Alok (Naveen Shankar) is an orphan who gains popularity in his college by hacking an online movie booking website, enabling his seniors to watch a movie as part of a ragging task. After college, he and his friend Aasthi (Ram Dhanush) stay together where Alok works as a Computer Science trainer in a Computer Institute where he falls in love with Pooja (Sonu Gowda). Pooja is later revealed to be an undercover officer of the Indian Intelligence Bureau. She seduces and sleeps with Alok to collect the details and password of his computer. Later with the help of Phaneesh (Pawan Kumar), a techie, she tries to pin Alok, who turns out to be the prime suspect in the theft of the Sudhar data from the storage centre.

==Cast==
- Naveen Shankar as Alok
- Sonu Gowda as Pooja Ramesh/Anagha
- Avinash as Circle Inspector Avinash
- Rangayana Raghu as Chief Minister Anantharamaiah
- Pawan Kumar as Techie Phaneesh
- Pradeep Doddaiah as lecturer
- Ram Dhanush as Arasiah Thimmappa alias Aasthi

==Production==
=== Casting and filming ===
Shankar's entry into Gultoo was through association with college batchmate and director Janardhan Chikkanna.

=== Marketing ===
Multiple posters were created for the film during its release. Director Janardhan Chikkana told The New Indian Express that "there was a producer-pitch trailer, in which every actor wore glasses with round frames, and this became a highlight".

==Soundtrack==

Amit Anand composed the score and songs for the film. The lyrics for the songs were written by Jayanth Kaikini, Kiran Kaverappa and Anoop Ramaswamy Kashyap.

Track list
| No. | Title | Lyrics | Singer(s) | Length |
|---|---|---|---|---|
| 1. | "Saalaagi" | Anoop Ramaswamy Kashyap | Saindhavi, Deepak Doddera | 04:03 |
| 2. | "VTU We love you" | Kiran Kaverappa | Raghu Dixit, Ankna Arockiam | 05:32 |
| 3. | "Neenondu Ashcharya" | Jayanth Kaikini | Eesha Suchi, Deepak Doddera | 04:05 |
| 4. | "Kadalaache" | Anoop Ramaswamy Kashyap | Supriya Lohith, Raghuram | 03:51 |
| 5. | "Kaanada Preethi" | Anoop Ramaswamy Kashyap | Jasmine Munns, Amit Anand | 01:01 |

== Critical response ==
The film opened to positive reviews from critics upon theatrical release.
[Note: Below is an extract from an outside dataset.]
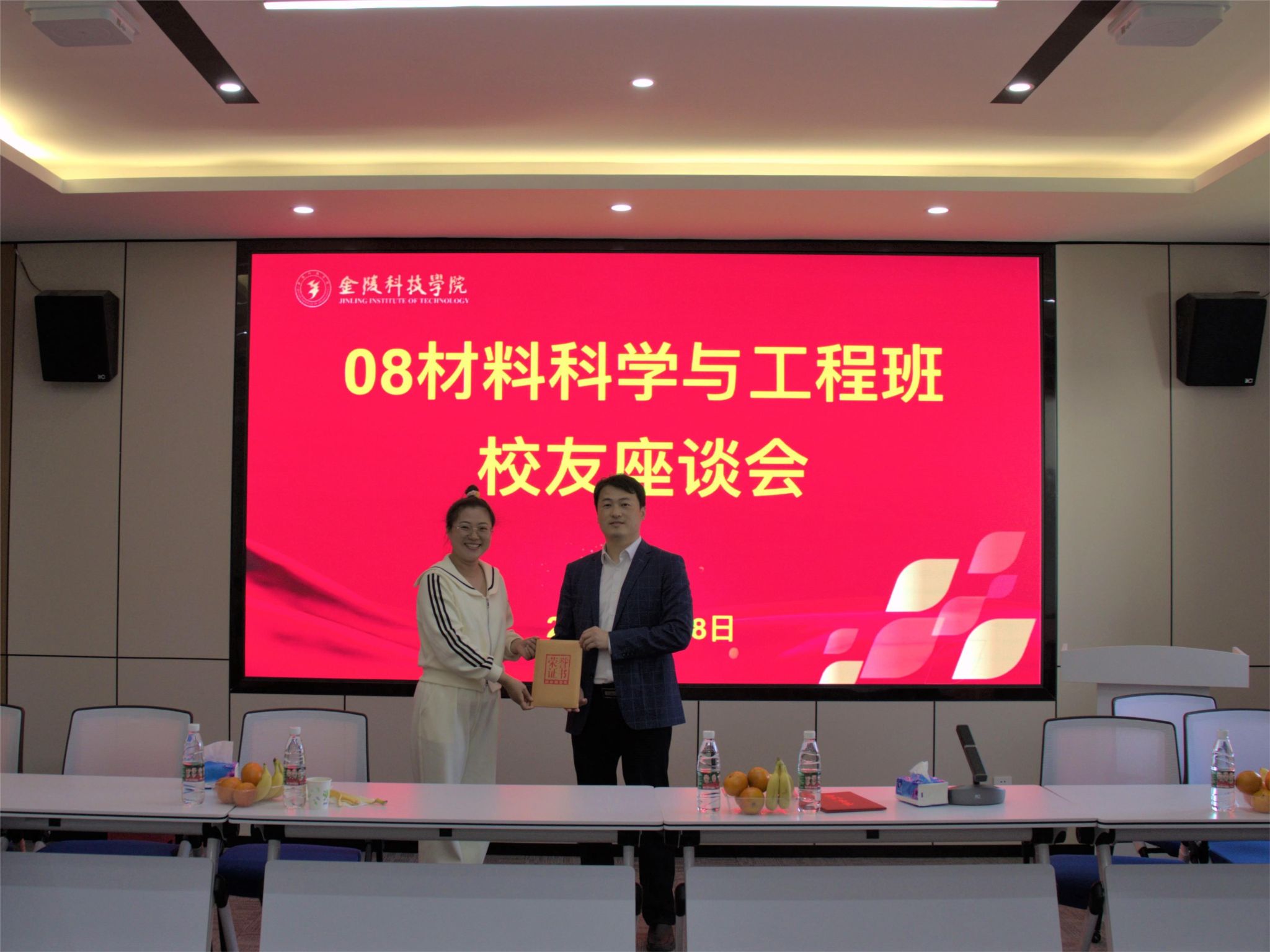 活动分为校友座谈会、校内参观和校友捐赠三部分。在座谈会上,叶原丰代表学院对从各地重返母校的校友表示热烈的欢迎、对学院发展建设中校友们给予的关心和支持表示感谢,鼓励大家不忘初心、再续华章。在叶原丰、华岚芳、王敏的陪同下,08级校友们参观了校史馆、学院实验室和校园环境。校友们通过一张张照片、一段段影像共同追忆往昔旧事,展望金科未来前景。通过叶原丰介绍的学院现阶段高、精、尖仪器设备与新兴技术,校友们切实感受到了学院十年间的巨大变化并为学院的蓬勃发展感到由衷的自豪。此次回校,08级材料科学与工程班校友捐赠景德镇花瓶一对,校友所在企业江苏禾易企业管理集团有限公司将设十万元“禾易奖助学金”用以奖励、资助材料工程学院在校学子。叶原丰为校友代表颁发捐赠证书,在花瓶下合影留念,本次08级校友活动圆满结束。
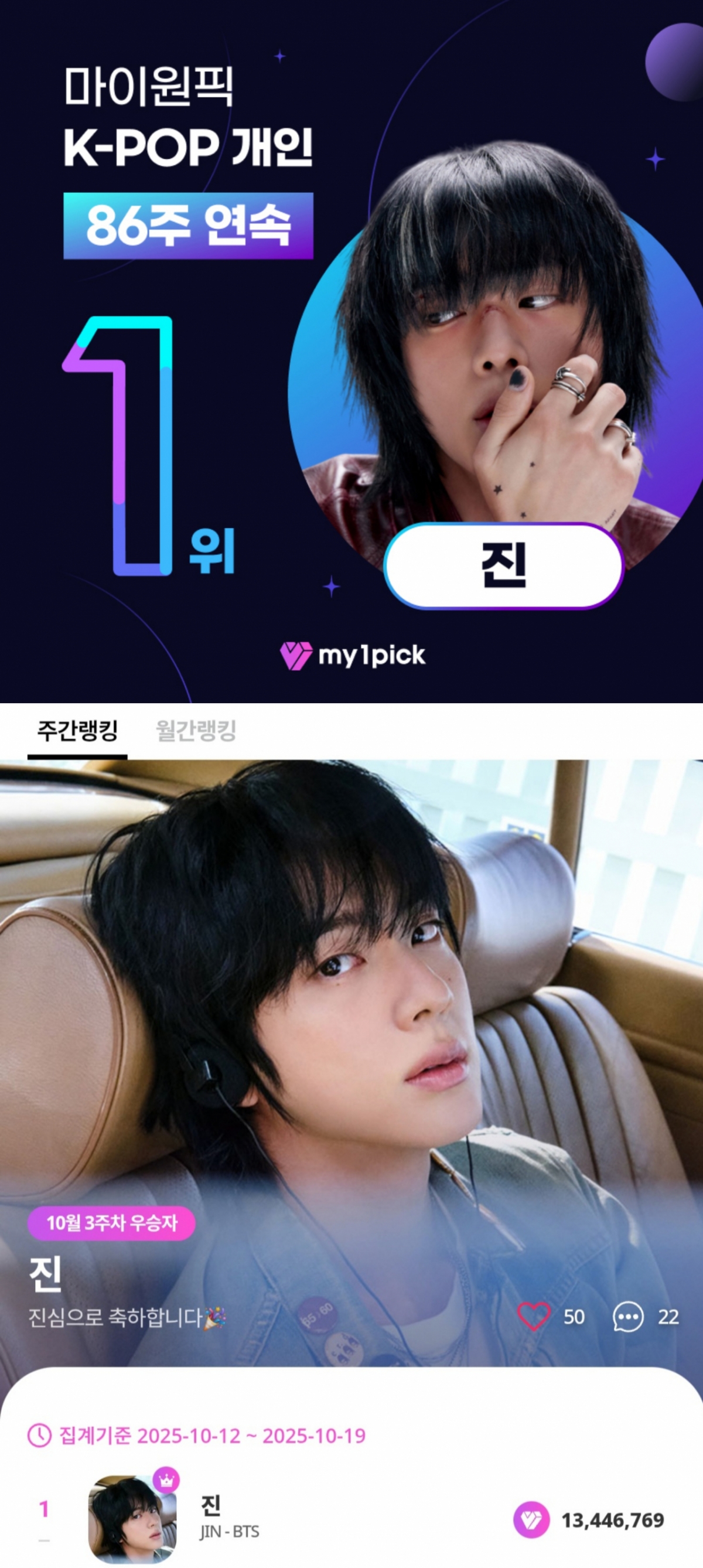 방탄소년단(BTS) 진이 '마이원픽(MY1PICK)' 주간랭킹에서 86주 연속 1위를 기록하며 막강한 인기를 빛냈다.

Writing for The News Minute, Rakesh Mehar praised the film, saying that “it comes as a bit of a surprise to see Sandalwood pick up on the topic of Aadhaar and data theft so quickly.” Rating the movie 3.5 out of 5, Sunayana Suresh from The Times of India says “The freshness in the narrative and the extensive research show that director Janardhan Chikkanna is someone to watch out for.” “Gultoo has the elements of a musical-romance and a thriller. But it is spread out in the form of a tragicomedy – a tragicomedy because the viewers are left scratching their heads at the blatant truth staring at them and applauding the makers’ vision at the same time" quoted The First Post. Deccan Chronicle said that “amidst all sorts of smart ‘leaks’ which has rocked the nation, raising big questions over the safety of all our personal data, here comes a perfect infotainment revolving around one such 'leak’ from another engineer turned director who makes an impressive mark, hacking into a sensible tale in his debut venture.” Prakash Upadhyaya from IB Times states that “It is a new-age movie that deals with data theft and exposes the way our data is being mined for money. It tries to showcase how our every single moment is recorded and has a price on the internet. In short, the movie shows how technology can bring misery to our lives but doesn't take a stand on whether tech is good or bad.”